April 9, 2020


Last night I was looking for the paperback publication date of La Folie Baudelaire (still not out, if you’re also waiting, and unfortunately, Calasso is simply not the kind of writer I can read as an ebook.) Instead I stumbled on an interview Calasso had given on French radio last January, on the occasion of the French publication of an essay collection I’d never even known he’d written (because not-translated into English yet — French title: La Folie qui vient de Nymphes.) Actually it is the first time I’d heard him interviewed in French (and, as it happens, later in the interview he talks about how his own father spoke French better than Italian, that it was almost inevitable that he would go on to write about The Ruin of Kasch and about Tallyrand…) He didn’t give many English interviews, and I have no Italian, so it’s a joy, to find that there was a third, shared language, that fortunately my French, while terrible, on this occasion was just barely up to it,

Deftly-handled interview, beginning with his childhood in Florence growing up in the company of books (don’t you just love literary households like he describes here, the non-self-conscious, natural proximity of the child to literature — at one point the interviewer was fishing for remarks about his family’s influence on his literary studies, was he encouraged by them? but he chuckles, no, no: simplement, les livres etaient la’!“). Talking about, amongst other things (and touching a little on the subject of each of his major works): the nature of folie and possession (divinity or pathology), how The Ruin of Kasch was imagined as a trilogy and how that got away from him (I think he has said something similar in a Paris Review interview also), about the mythological universe and Cadmus and Harmony, about genre and the unclassifiable, about Baudelaire (a lovely bit, about 20mins in, where he was asked why he’d chosen” Baudelaire for his subjectand he chuckled — he didn’t choose — Baudelaire was the first non-Italian poet he’d read and loved.(I think I’d read somewhere before that a volume of Baudelaire was the first book he’d ever stolen,) Kafka, Hitchcock (they played an extract from Rear Window!), at one point he was even talking about his interest in Thomas Browne and I thought, don’t you think Calasso and W.G. Sebald would have had a lot to say to each other about Browne?
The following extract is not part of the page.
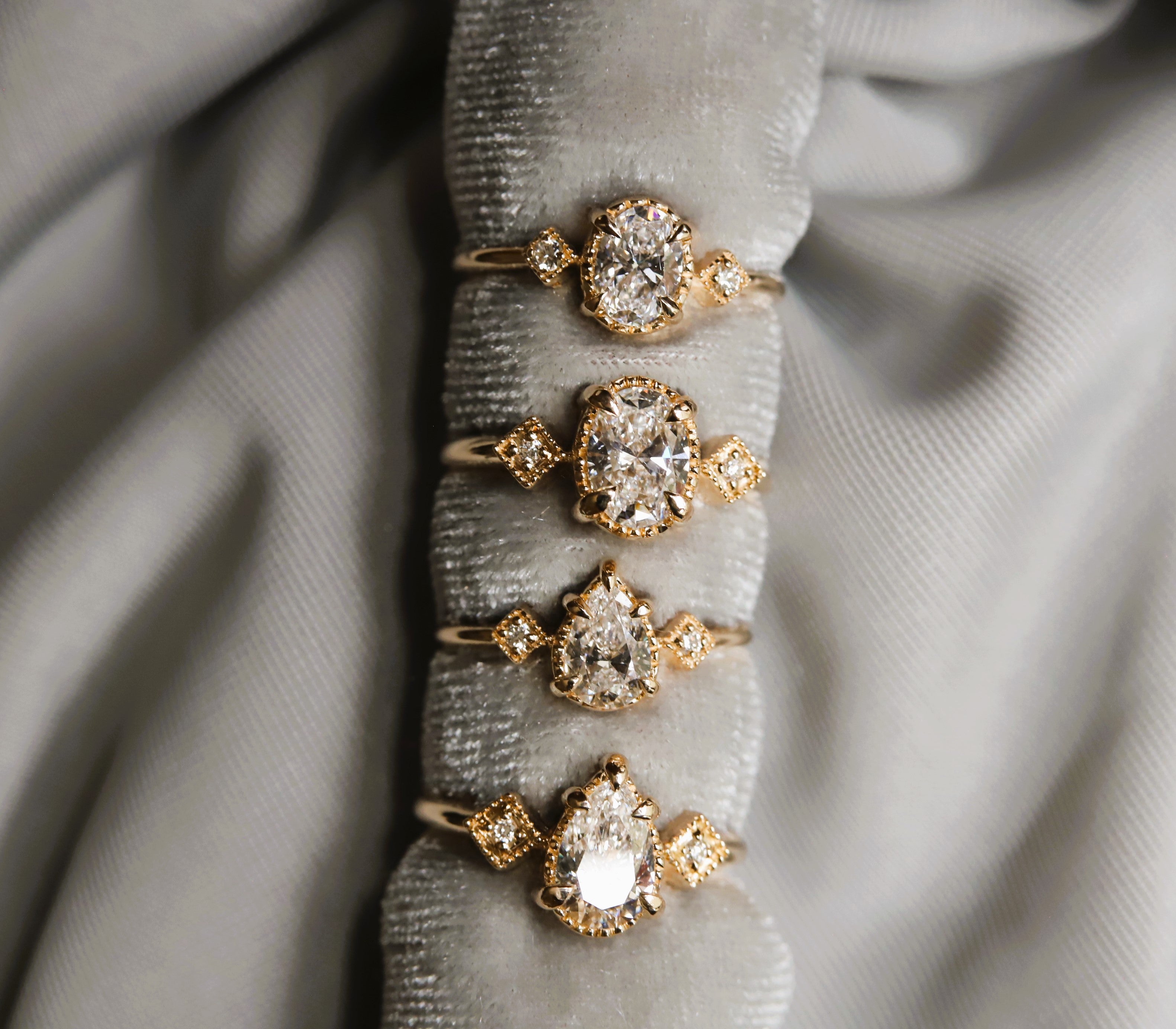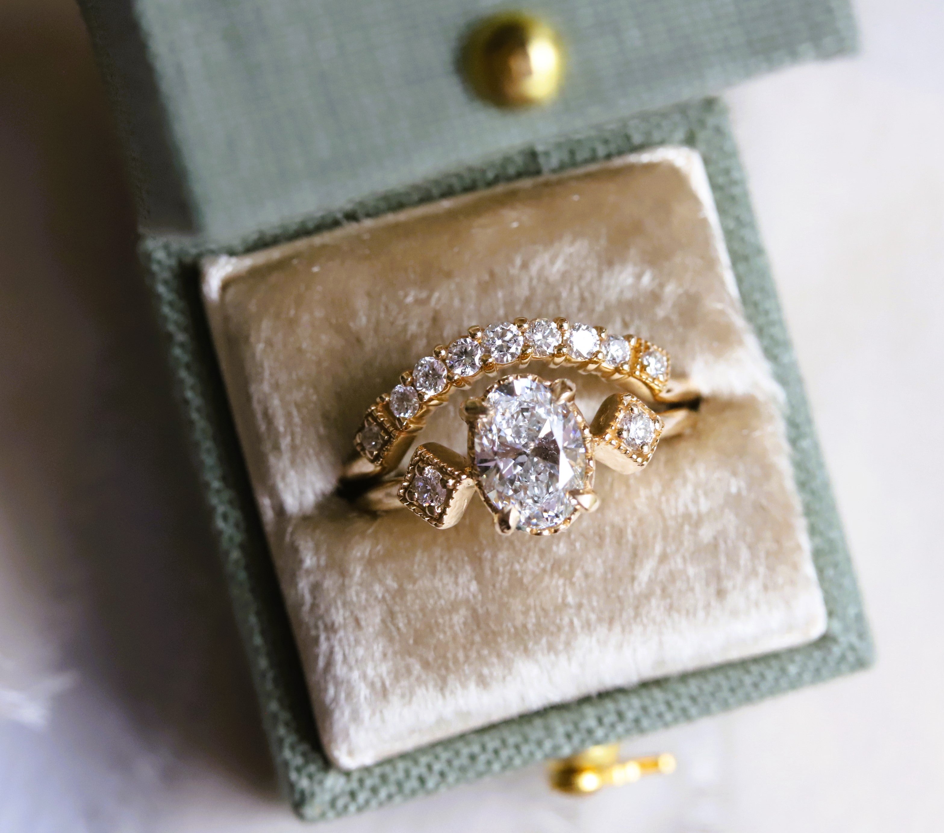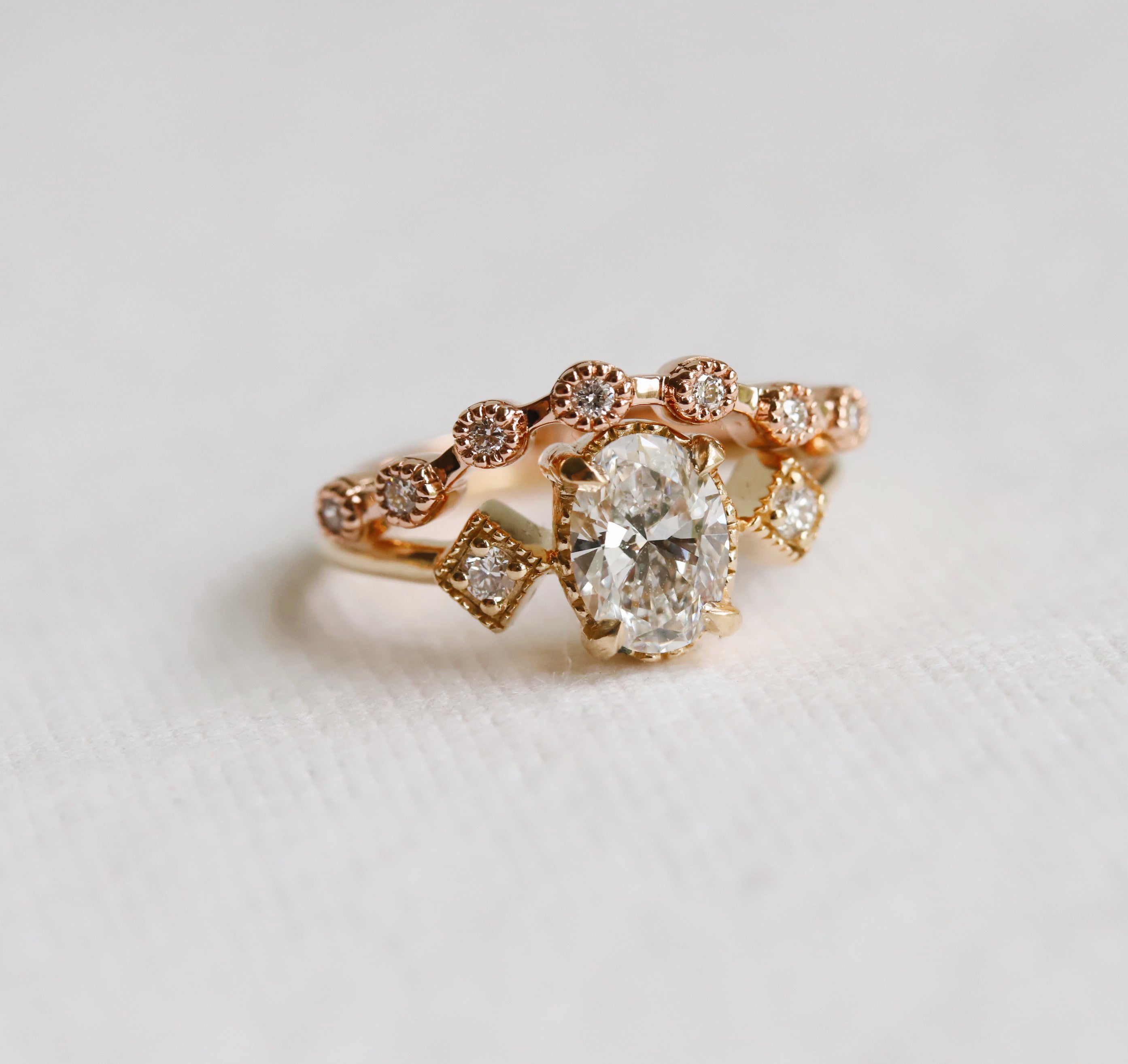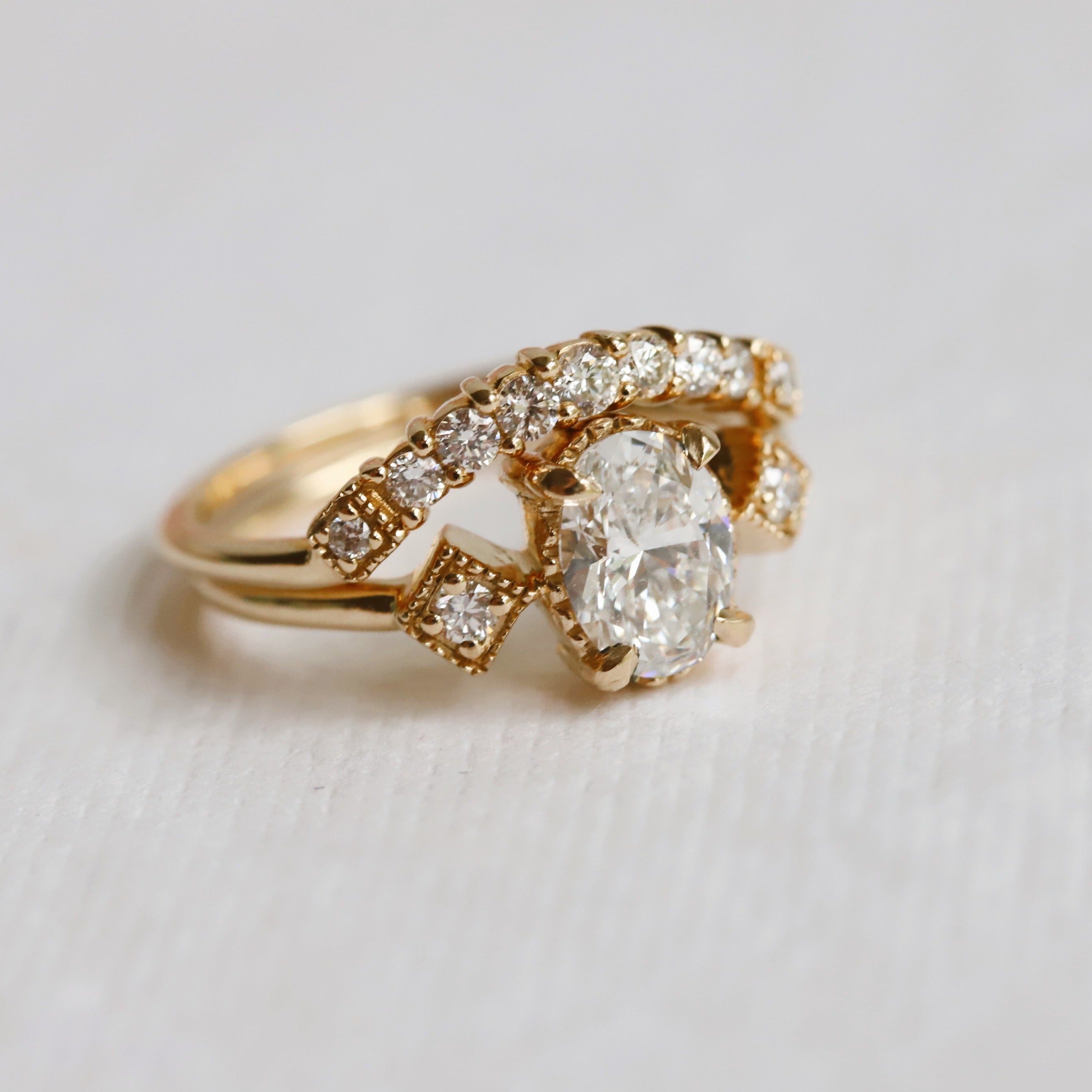 • Style: Vintage-inspired, low profile with side stone and milgrain detail.

Also there was a wonderful moment, a few minutes into the interview, when he was talking about his entry into the Greek mythological universe, and the interviewer sounded stunned that he was already reading in the originals as a child — that she actually interrupted him — “vous connaissiez le grec et le latin?” (you can hear the wonder, teetering on incredulity, in her voice at that point.) And I love how he brushes that off lightly, slight bemused even, well but yes, nothing unusual about that, he’s been learning it in school since he was 13, comme tous les Italiens de cette epoque la!” (That last bit is the sort of thing I find endlessly fascinating about countries like Italy and China: enforced access to ancient languages as part of national language identy and cultural heritage. Languages the rest of us have to work to acquire relatively late in life and for research purposes only, but which is already compulsory for school children whose mastery seem so effortless.) Attilio R. (Italian friend) scoffed at me badly when I said that (he dares me to say it to Italian schoolchildren and to face their chorus of raspberries) but then we come from different worlds, for I see the difference between us as that of the new world against the old — he sees the future in the pragmatic foundation upon science and technology, and I look to rejuvenating ideas through the past, through literature and languages.)